# Unroot 43V3R root?



## TheNeighbor (Nov 4, 2011)

I am sending my phone back to Verizon for a replacement due to repeated data drops and freezing issues (even after the 893 update). The data drops were a little less from 886 but still in the unacceptable range. I know you can unroot using Pete's Motorola Root Tool. However, will this unroot forever root? I ask because this tool came out before forever root was released (this was one of the first rooting tools for this phone). Of course the tech on the phone went through his whole scripting thing and one of the things he said is "you would be subject to full retail price of the phone if it is found to be misused". So of course that got me thinking. I just want to remove all traces of root and once I do that I will run a factory reset and send it back. Any help is appreciated. Thanks guys.


----------



## CellZealot (Nov 1, 2011)

The easiest way to return completely to stock is to flash the full FXZ for 5.5.893 in RSD Lite or just flash the system.img using moto-fastboot.


----------



## TheNeighbor (Nov 4, 2011)

I haven't had success with RSD Lite ever. Has this method been pretty successful then? Thanks for the reply.

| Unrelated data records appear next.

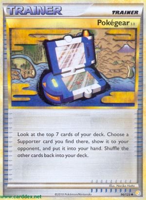 Beschreibung: Schau dir die obersten 7 Karten deines Decks an. Falls Unterstützungskarten darunter sind, wähle eine davon, zeige sie deinem Gegner und nimm sie auf die Hand. Mische die anderen Karten anschließend in dein Deck.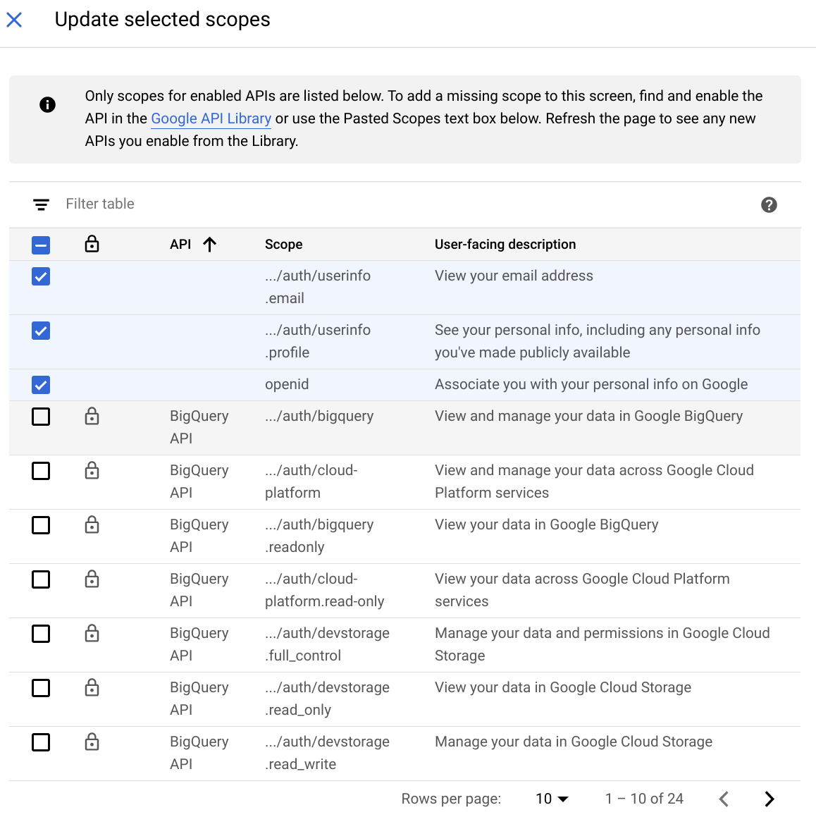 **11.)** **スコープの追加または削除**ボタンをクリックし、最初の3つのスコープを選択します。 ![](https://797861279-files.gitbook.io/~/files/v0/b/gitbook-x-prod.appspot.com/o/spaces%2F4EFNSNZLMs5AZ70x2P33%2Fuploads%2Fgit-blob-0394231dafde29a77dac73dbc1ae59a2147c89a6%2FScreenshot%202020-10-01%20at%209.42.36%20PM.png?alt=media)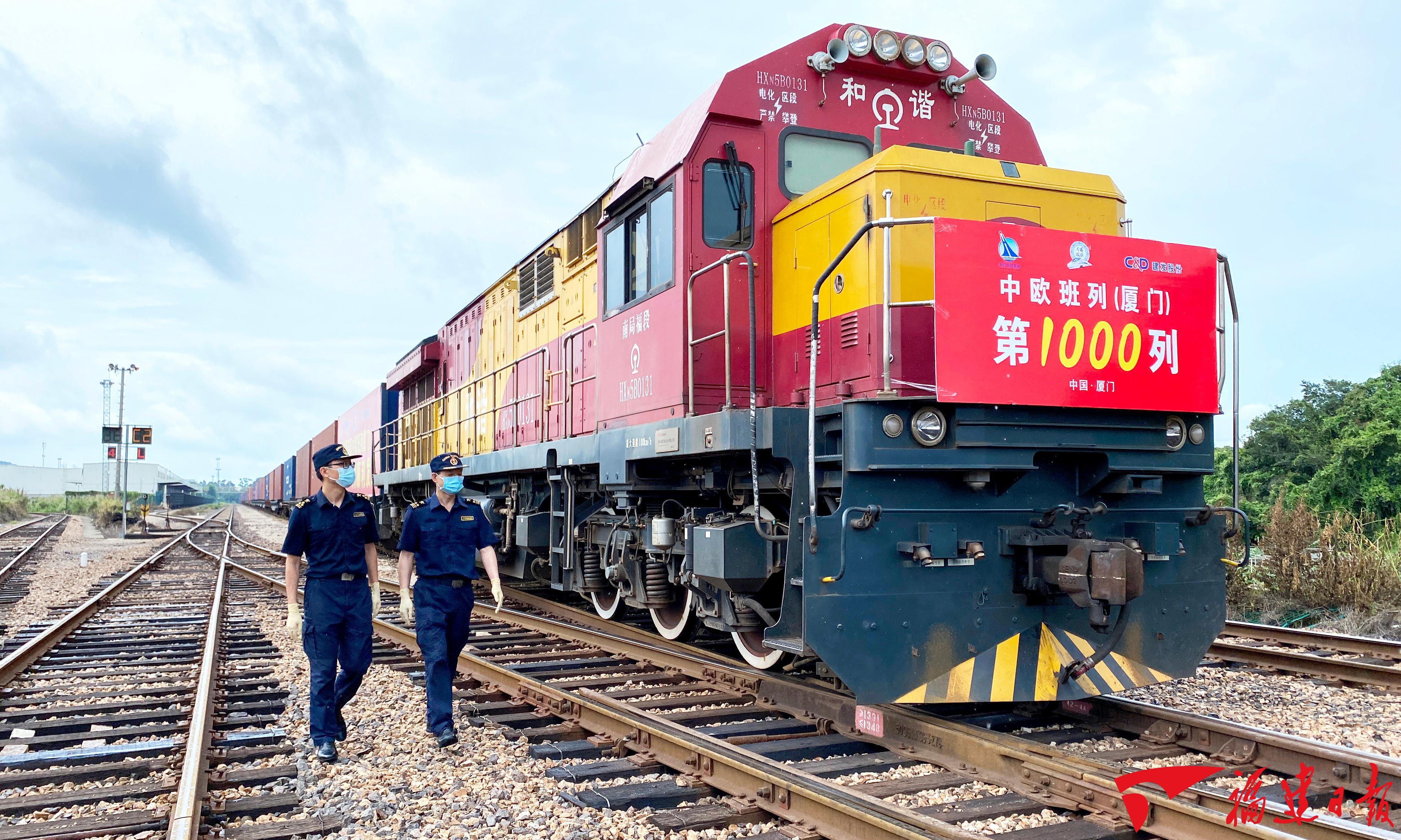 福建把稳外贸作为稳增长稳就业的重要抓手,2024年进出口规模近2万亿元,提前超额完成“十四五”目标。图为2021年6月2日,中欧班列(厦门)累计发运的第1000列班列从厦门自贸片区海沧园区驶向德国汉堡。 施辰静 摄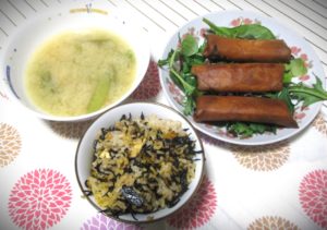 中は見切り品ひじき(114円/半額)の炊き込みご飯です。冷凍庫にあった刻み揚げとカットカボチャ(100円)を追加して、麺つゆで味付けしてます。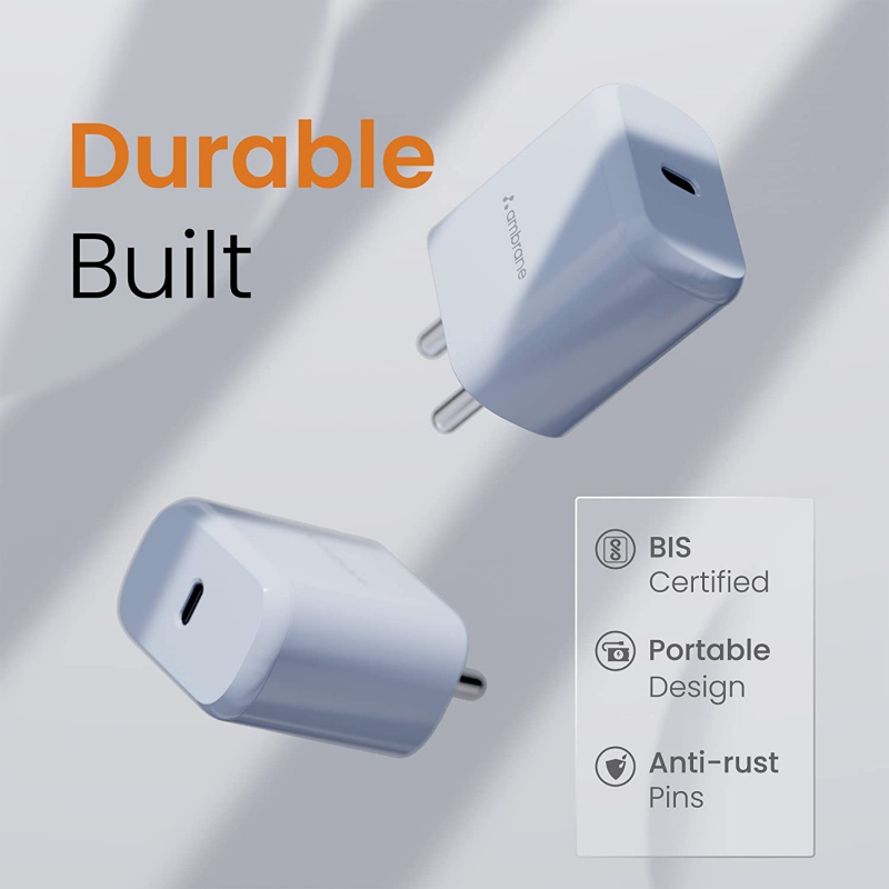 20W Boosted Speed - Charge up your devices and experience Ambrane’s BoostedSpeed technology with RAAP M20; PD Fast Charging - This charger gives an ultra-fast charging experience with its special Power Delivery (PD) Technology.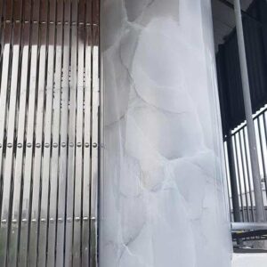 Sự kết hợp tinh tế giữa nền trắng sáng và vân đá xám nhẹ nhàng – rất được ưa chuộng cho cột biệt thự, sảnh lớn và phòng khách.
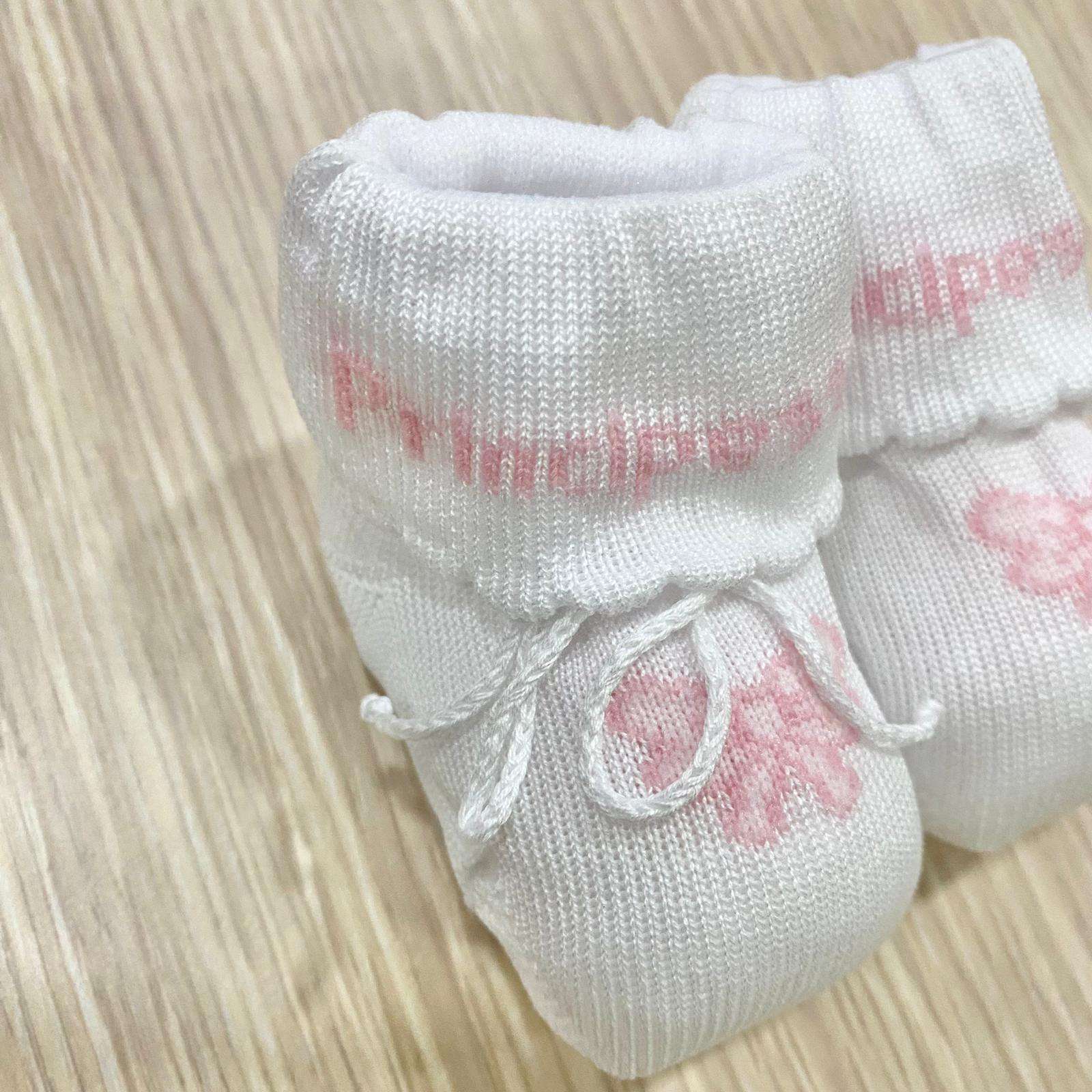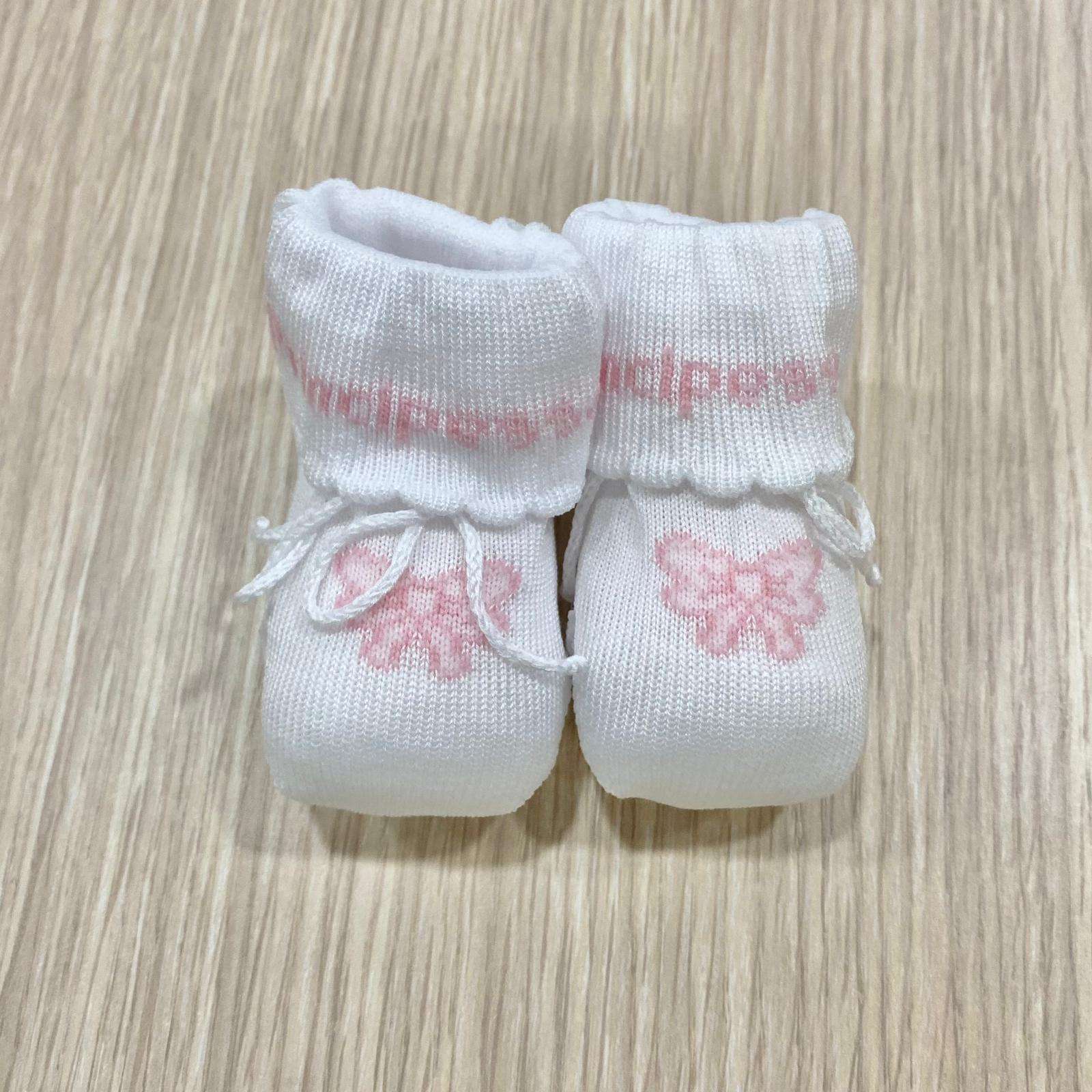 Calzino neonata in cotone, di colore bianco con scritta “Principessa” e fiocco ricamato di colore rosa.
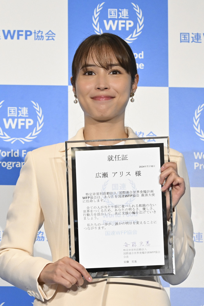 女優の広瀬アリスさんが10日、「国連WFP協会 親善大使就任記者発表会」にて、国連WFP協会親善大使に任命された。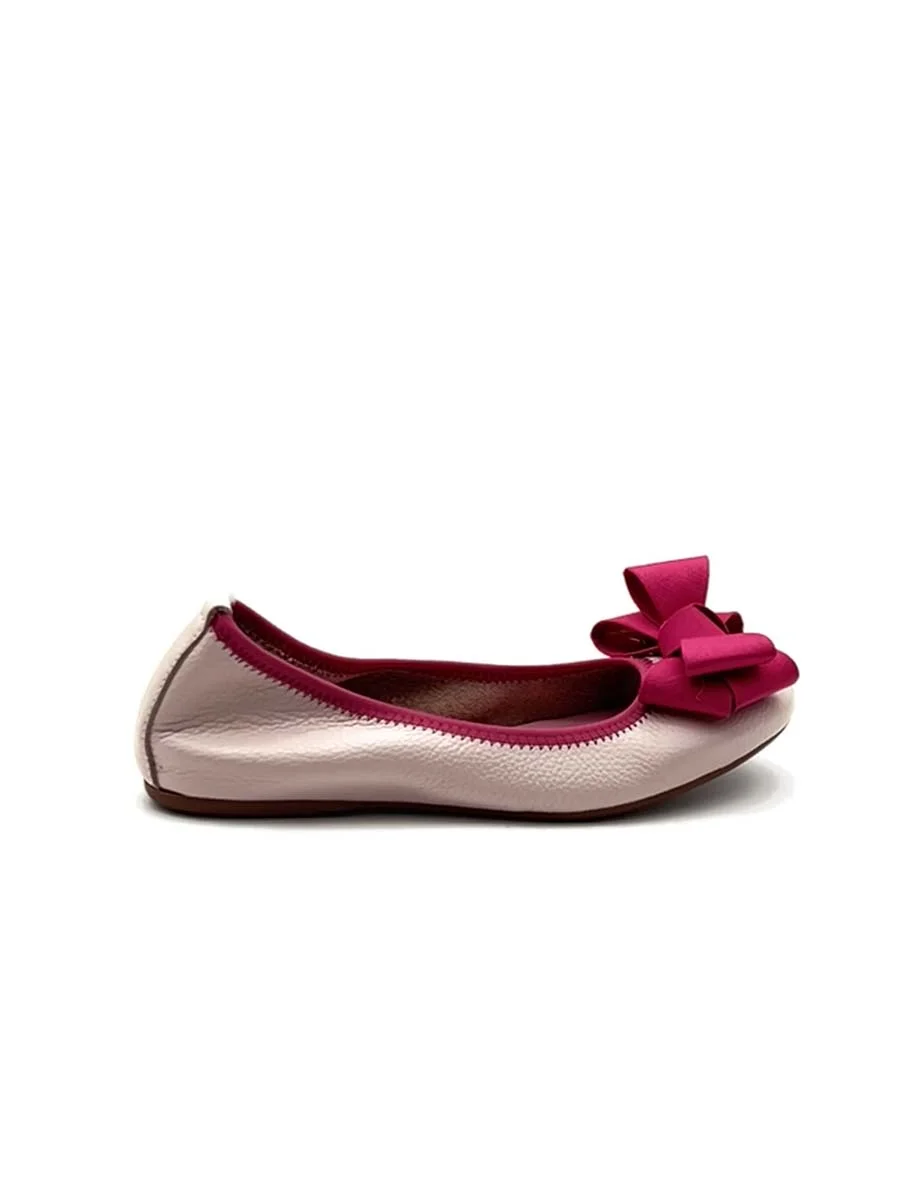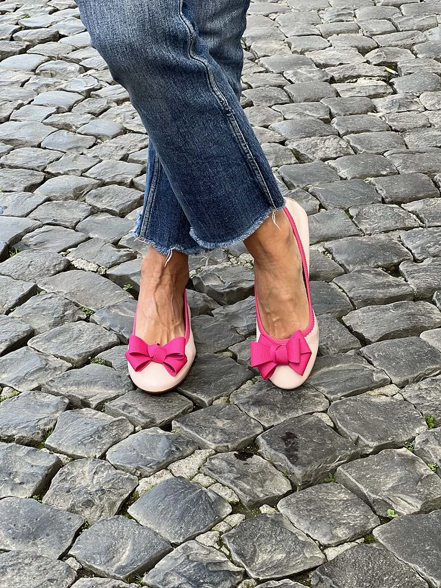 Si chiama “Alice” la nostra ballerina con rialzo interno anti tallonite di 1,5 cm. Realizzata in morbida nappa martellata rosa con fiocco in gros grain a contrasto fucsia. Il fondo è in gomma. Si consiglia una taglia in più.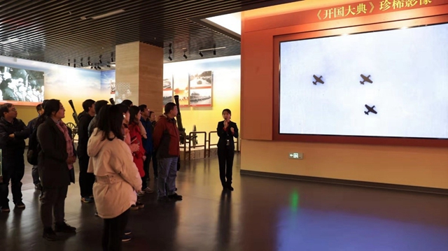 参观中我们有幸观看了《开国大典》珍稀影像,是目前公开的关于开国大典的时间最长、内容最完整的视频,真实还原了这一伟大的历史时刻,让我们再一次见证了这一伟大的历史时刻。70年过去了,今日中国早已今非昔比,无论是从经济、科技、军事、体育等一系列彰显国家实力强大的领域上已领先于世界。当年被称之为“东亚病夫”的中国人从70年前站起来的那一刻起就宣告了中国从此将进入巨龙腾飞的时代。时至今日,再让我们回顾当年的那一段阅兵风采,仍不觉让人血脉膨胀,荡气回肠。

Sent from my DROID BIONIC using RootzWiki


----------



## neckbonest (Oct 29, 2011)

you can also go to system/bin/mount.ext3.sh and deletethe lines at the end. forever root will be no more


----------



## TheNeighbor (Nov 4, 2011)

neckbonest said:


> you can also go to system/bin/mount.ext3.sh and deletethe lines at the end. forever root will be no more


Yes! Thank you I couldnt remember the location. Then I can unroot using petes tool but does that remove zerg rush and all the files from DHs process.

Sent from my DROID BIONIC using RootzWiki


----------



## TheNeighbor (Nov 4, 2011)

TheNeighbor said:


> Yes! Thank you I couldnt remember the location. Then I can unroot using petes tool but does that remove zerg rush and all the files from DHs process?
> 
> Sent from my DROID BIONIC using RootzWiki


Sent from my DROID BIONIC using RootzWiki


----------